Cover von Ghost Song
Cecile McLorin Salvant
Ghost Song

Label Nonesuch
Erstveröffentlichung 04.03.2022
Format CD
Lieferzeit 4 – 7 Werktage
Preis 17,95 € (inkl. MwSt. zzgl. Versand)
Rezension

22er der 3-fachen Grammy-Gewinnerin, eine der z.Zt. besten Jazz-Sängerinnen weltweit, die bislang nicht pur, aber mit Vorliebe, alten Jazz-Vorlagen der 50er bis 60er verbunden war (unter Einschluß von Blues-Elementen hier und da), wenn auch durchaus teilweise variablerer eigenständiger Natur.

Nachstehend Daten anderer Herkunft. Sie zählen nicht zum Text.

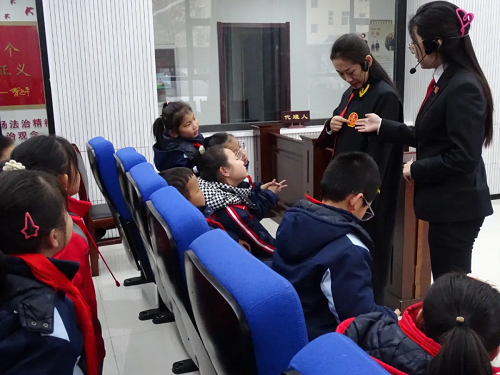在審判法庭,法院干警深入淺出地向?qū)W生們介紹了法庭的分設(shè)區(qū)域、庭審流程、訴訟參與人、法槌起源和具體的使用方法。通過互換角色的“沉浸式”體驗(yàn),法律不僅僅是教科書中枯燥無味的文字,法庭的莊重與法律的嚴(yán)謹(jǐn)已化作一幅幅生動(dòng)的畫面,深深烙印在他們的記憶中。

Nun aber für meinen Geschmack nicht nur ihr eindeutig bestes (phasenweise absolut brillantes) Werk abliefert, sondern auch mit großem Abstand das entdeckungsreichste, abenteuerlustigste, experimentierfreudigste, agiler und abwechslungsreicher als je zuvor. Was sich ein bisschen schon in der Besetzung ankündigt, zwar steht wie immer das Piano im Zentrum, wird jedoch vielfältig, reiz- und wirkungsvoll oft ergänzt, von Flöte (recht gern, exquisit), E-Gitarre, Laute, Synthie, Orgel, Banjo, E-Piano. Hinzu kommen 2 gloriose ganz oder überwiegend unbegleitete Stücke, gesungen in gälischer Vokaltradition: Ein tief berührender englischer Folk-Song aus dem 15. Jahrhundert mit old-timey-Flair und, ich staune, Kate Bushs geniales Wuthering Heights, engelsgleich, himmlisch interpretiert. Nun ist es zwar keineswegs so, daß sie alle Traditionen links liegen läßt, ganz im Gegenteil, aber die Inspirationsquellen sind erheblich weiter gefaßt als bei ihr üblich, manchmal zudem auf überraschende Art umgesetzt, noch persönlicher, individueller. Wozu paßt, daß erstmals über die Hälfte der Tracks aus eigener Feder stammen (weitere Covers kommen von Sting, Harold Arlen/Gregory Porter, Brecht/Weill). Gleich nach dem Opener (besagtes Wuthering Heights) setzt sie sich zwischen alle Stühle, instrumental (mit E-Gitarre, Banjo und Flöte), atmosphärisch und stilistisch, rasantes Banjo-Gehacke wird gefolgt von wunderschöner becircender Balladen-Poesie (der Großteil des Songs), kurzzeitig Free Jazz-Elemente inklusive, zudem korreliert der langsame Groove nicht unbedingt reibungslos mit dem Rest das klingt in meinen Ohren überaus reizvoll. Im weiteren Verlauf bewegt sie sich zwischen verfremdeter Piano-Tradition (solo), erwähntem Brecht/Weill-Bezug (relativ authentisch, kontrastreich, ständige Tempiwechsel), einer feinfühligen exquisiten bluesigen Ballade mit superben Harmony Vocals, auf seltsamen Free/Klassik-Spuren mit rapid-fire-Gesang (kurzer Track), einem Mix aus Nina Simone, 40s/50s-Jazz, speedy Beats und verfremdeten Folklorismen (quirlig, lyrisch, lustvoll und toll!), einem berauschenden Neo-Avantgarde-Klassik-Drama in Kurzfassung mit Minimal Music-Spuren und großer prächtiger Kirchenorgel, sowas wie minimalistischem angefolktem Jazz, zart und leise, schließlich dann doch noch einer klassischen old-fashioned-Piano-Trio-Jazz-Ballade. Und über allem thront ihre großartige Stimme, eh über jeden Zweifel erhaben. Große Empfehlung. (detlev von duhn)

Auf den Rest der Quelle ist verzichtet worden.